— Task item —
Once the pictures are removed, restate the listing word for word.

— Recorded data —
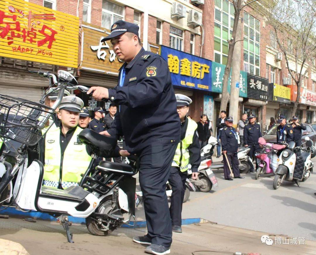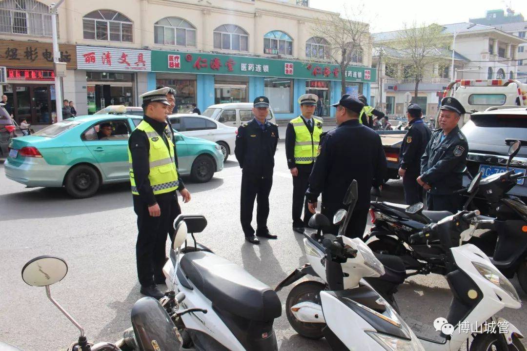 为整治市区道路交通和市容管理的难点问题,营造畅通有序的道路交通秩序和文明整洁的市容环境,3月27日,博山区综合行政执法局联合区交警大队,对白虎山路、白虎山西路非机动车占用机动车停车位现象进行集中整治。
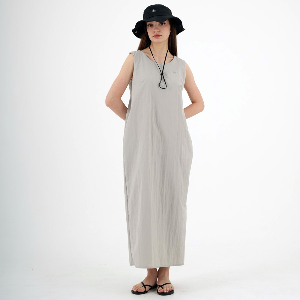 린넨소재의 여름 바캉스룩으로 백오픈 디자인의 홀터넥드레스
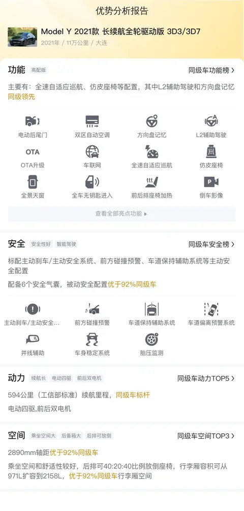 为了让消费者买的放心,用的安心,懂车帝针对Model Y 2021款 长续航全轮驱动版 3D3/3D7进行了多项检测,所以它具有完整的全车深度检测报告。

— Reply —
 为整治市区道路交通和市容管理的难点问题,营造畅通有序的道路交通秩序和文明整洁的市容环境,3月27日,博山区综合行政执法局联合区交警大队,对白虎山路、白虎山西路非机动车占用机动车停车位现象进行集中整治。
 린넨소재의 여름 바캉스룩으로 백오픈 디자인의 홀터넥드레스
 为了让消费者买的放心,用的安心,懂车帝针对Model Y 2021款 长续航全轮驱动版 3D3/3D7进行了多项检测,所以它具有完整的全车深度检测报告。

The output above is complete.